Please do not remove the weighted disc under any circumstances…
 

Alabama

New Member
Registered Member
Using the newest 150-km ranged 300mm projectiles, the PLAGF could theoretically hit ROC's Hsinchu Airbase and Hukou Army depot when firing from the edges of Pingtan Island. As with the 370mm projectiles, I don't think we know the exact range, except the export variant has a 220km range, which would be sufficient to cover most air bases around Taipei and Taoyuan.
What would be the cost effectiveness of this? Wouldn't it just be easier to load a bomber with bombs and fly them to altitude before dropping them?
 

ficker22

Senior Member
Registered Member
What would be the cost effectiveness of this? Wouldn't it just be easier to load a bomber with bombs and fly them to altitude before dropping them?
Air assets are inherently more expensive than lobbing rockets or shells over the strait. There are a limited amount of dedicated ground strikers and the PLAAF Bomber fleet has more pressing tasks than the stuff 300&370mm LRMLARs is dealing with. Besides, aircraft are of limited number and only conditionally scalable, where as ground based artillery is cheaper and allow higher saturated fires.
Aircraft are also threatend by enemy AA which Artillery is obviously not.

TL;DR
Aircraft are valuable and limited in numbers, Artillery not so much.
 

FairAndUnbiased

Brigadier
Registered Member
What would be the cost effectiveness of this? Wouldn't it just be easier to load a bomber with bombs and fly them to altitude before dropping them?
the cost of dropping munition from a plane is not the cost of the munitions alone.

it the cost of the munition + the labor of the pilot and support crew + the cost of operating the plane + the weighted probability of the plane being shot down.

the cost of rockets is the cost of the munition + the labor of the artillery crew (much cheaper than the pilot) + the cost of operating the artillery piece (much cheaper than a plane) + the weighted probability of the artillery piece being struck before firing by enemy forces (near 0 vs Taiwan).

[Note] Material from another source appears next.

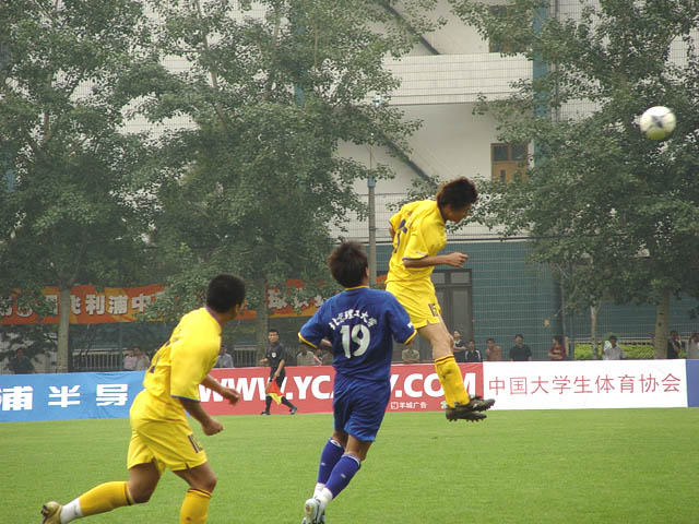 第五屆飛利浦中國大學(xué)生足球聯(lián)賽總決賽我校足球隊(duì)的首場比賽5日在中國人民大學(xué)上演。主場作戰(zhàn)的中國人民大學(xué)在下半場20分鐘時(shí)曾憑借一個(gè)點(diǎn)球領(lǐng)先了一刻鐘,但我校足球隊(duì)頑強(qiáng)拼搏,在下半場依靠第35分鐘7號(hào)李爽和40分鐘3號(hào)姚遠(yuǎn)的連續(xù)入球反敗為勝,取得了關(guān)鍵的首場比賽的勝利,目前小組積分名列第一。
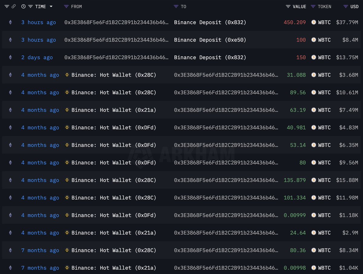 3 小时前其中地址 0x9b8...822d8 向 #Binance 充值最后 150 枚 WBTC,价值1287 万美元;至此,他在 2024.02-2025.02 期间建仓的 2,189.23 WBTC 已全部充值进交易所,均价 $95994

so if the same target can be attacked by both artillery and air, its more effective to use artillery. some targets can't be hit by artillery, of course, and that's when air power is important.
 

BoraTas

Captain
Registered Member
the cost of dropping munition from a plane is not the cost of the munitions alone.

it the cost of the munition + the labor of the pilot and support crew + the cost of operating the plane + the weighted probability of the plane being shot down.

the cost of rockets is the cost of the munition + the labor of the artillery crew (much cheaper than the pilot) + the cost of operating the artillery piece (much cheaper than a plane) + the weighted probability of the artillery piece being struck before firing by enemy forces (near 0 vs Taiwan).

so if the same target can be attacked by both artillery and air, its more effective to use artillery. some targets can't be hit by artillery, of course, and that's when air power is important.
Arty can also hit much more things because of the larger number of munitions it uses. You are lucky if you can deliver 8 munitions per aircraft per day. Which means just 8 fireteam positions or vehicles engaged if you are engaging a dispersed ground component. This is true most of the time in CAS. Even in interdiction missions some convoy dispersion ruin the effectiveness of air power. This happened in Yugoslavian wars. NATO airpower's efficiency plummeted after Serbia started to limit the size of logistical vehicle groups to 3.

Dropping cheap 3rd gen guided bombs (JDAM etc...) from aircraft would indeed be cheaper than using 370 mm guided rockets (if we are going to use NATO terminology strictly these rockets are small ballistic missiles) but the risk of losing the aircraft and the number of usable munitions tip the balance in favor of rocket artillery.